INFORMATION SUPPLIED >>
>>
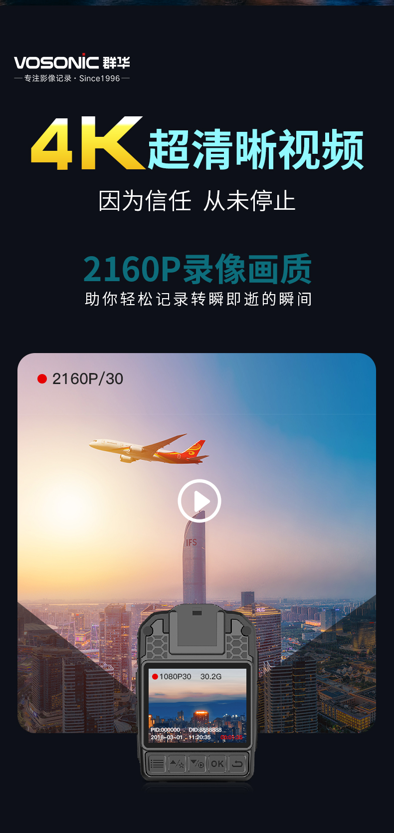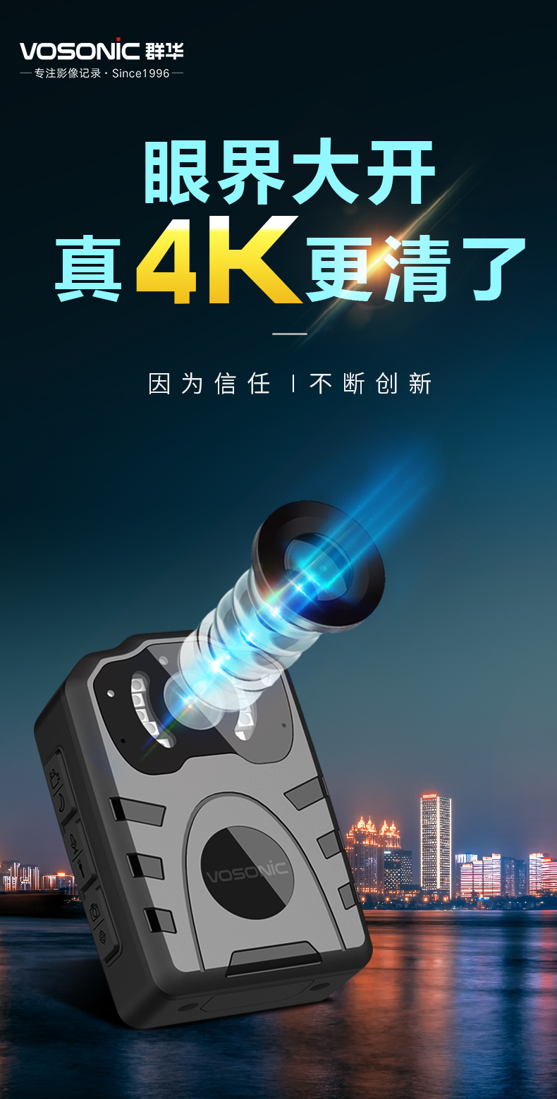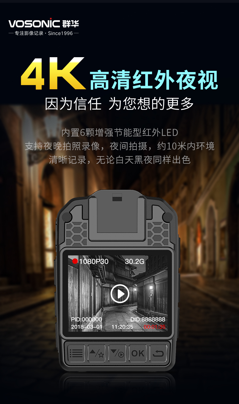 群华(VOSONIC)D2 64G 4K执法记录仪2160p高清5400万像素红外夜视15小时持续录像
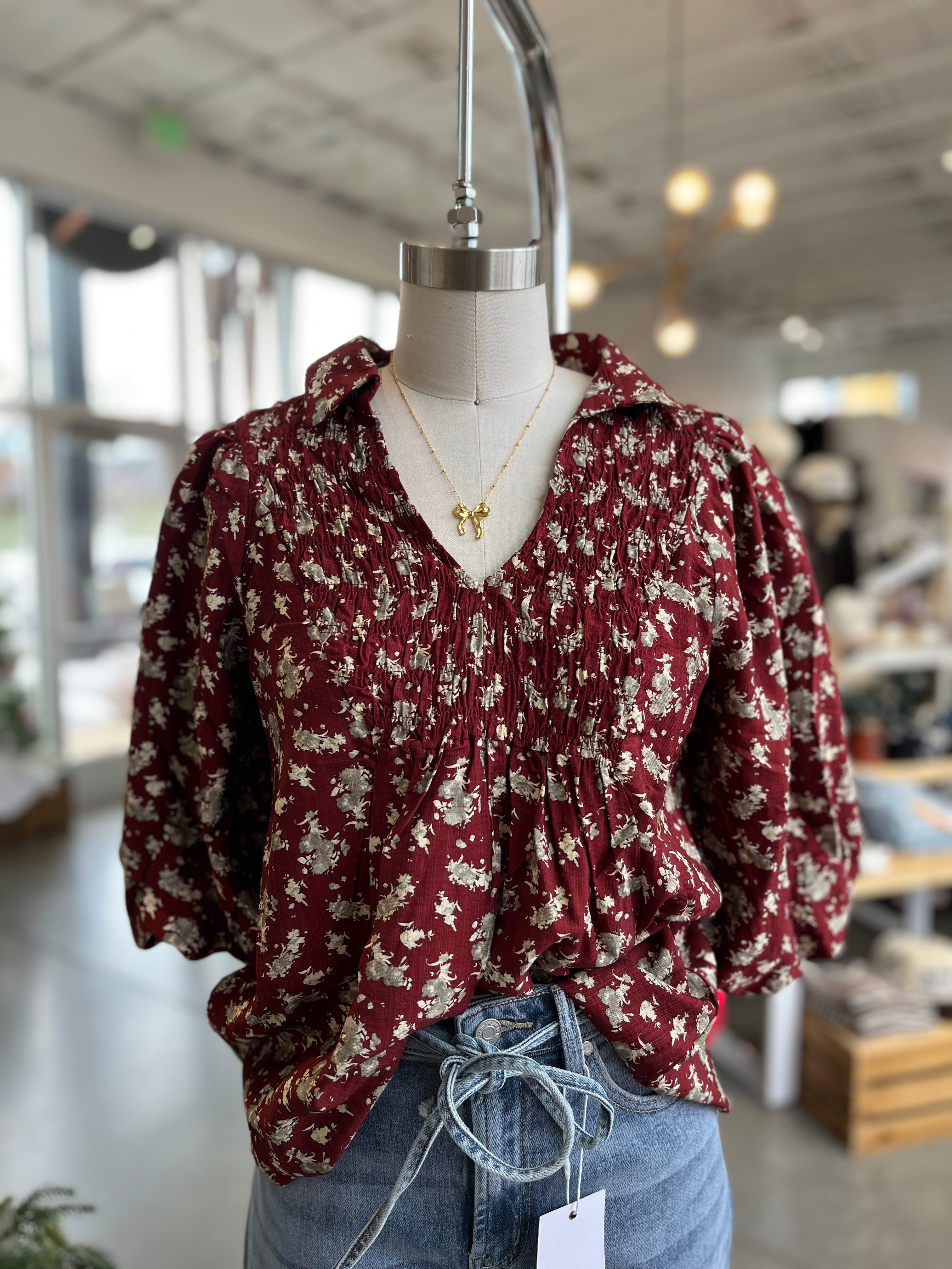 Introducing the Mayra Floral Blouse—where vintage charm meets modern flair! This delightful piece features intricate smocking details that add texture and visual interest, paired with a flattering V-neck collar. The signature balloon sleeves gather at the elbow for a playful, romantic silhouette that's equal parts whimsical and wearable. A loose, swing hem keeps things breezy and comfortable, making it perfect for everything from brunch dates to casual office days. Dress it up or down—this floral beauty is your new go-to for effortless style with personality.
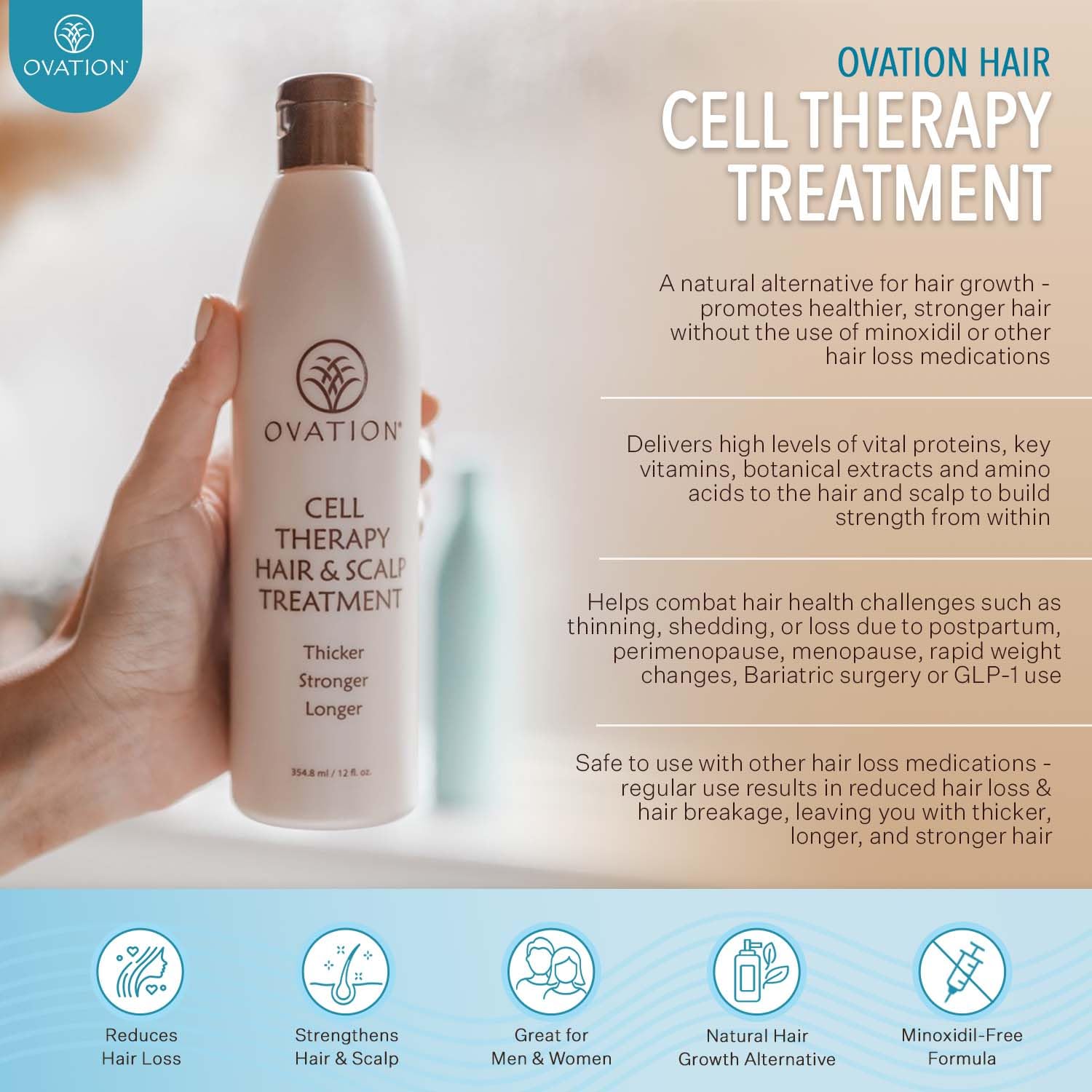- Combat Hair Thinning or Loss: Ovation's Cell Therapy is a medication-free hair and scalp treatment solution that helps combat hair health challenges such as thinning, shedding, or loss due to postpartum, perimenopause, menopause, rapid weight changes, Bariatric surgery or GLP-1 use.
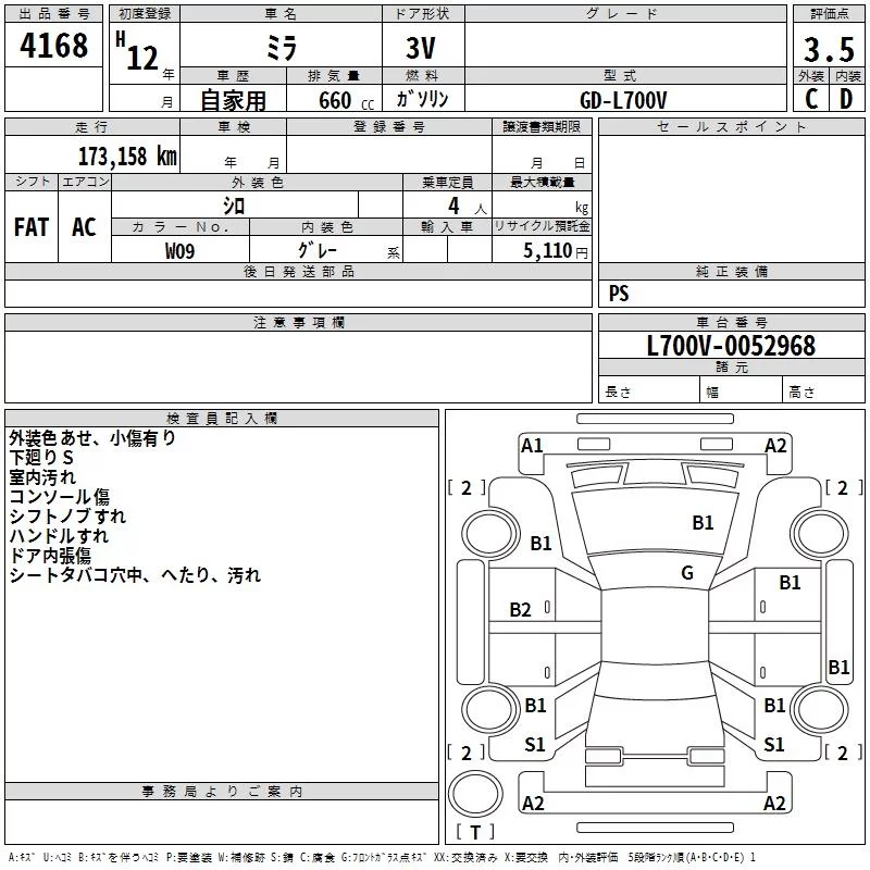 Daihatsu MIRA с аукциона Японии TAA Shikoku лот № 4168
<<
THE TASK >> Omit the pictures, then copy out all the data exactly as it stands.

EXERCISE SOLUTION >>
 群华(VOSONIC)D2 64G 4K执法记录仪2160p高清5400万像素红外夜视15小时持续录像
 Introducing the Mayra Floral Blouse—where vintage charm meets modern flair! This delightful piece features intricate smocking details that add texture and visual interest, paired with a flattering V-neck collar. The signature balloon sleeves gather at the elbow for a playful, romantic silhouette that's equal parts whimsical and wearable. A loose, swing hem keeps things breezy and comfortable, making it perfect for everything from brunch dates to casual office days. Dress it up or down—this floral beauty is your new go-to for effortless style with personality.
- Combat Hair Thinning or Loss: Ovation's Cell Therapy is a medication-free hair and scalp treatment solution that helps combat hair health challenges such as thinning, shedding, or loss due to postpartum, perimenopause, menopause, rapid weight changes, Bariatric surgery or GLP-1 use.
 Daihatsu MIRA с аукциона Японии TAA Shikoku лот № 4168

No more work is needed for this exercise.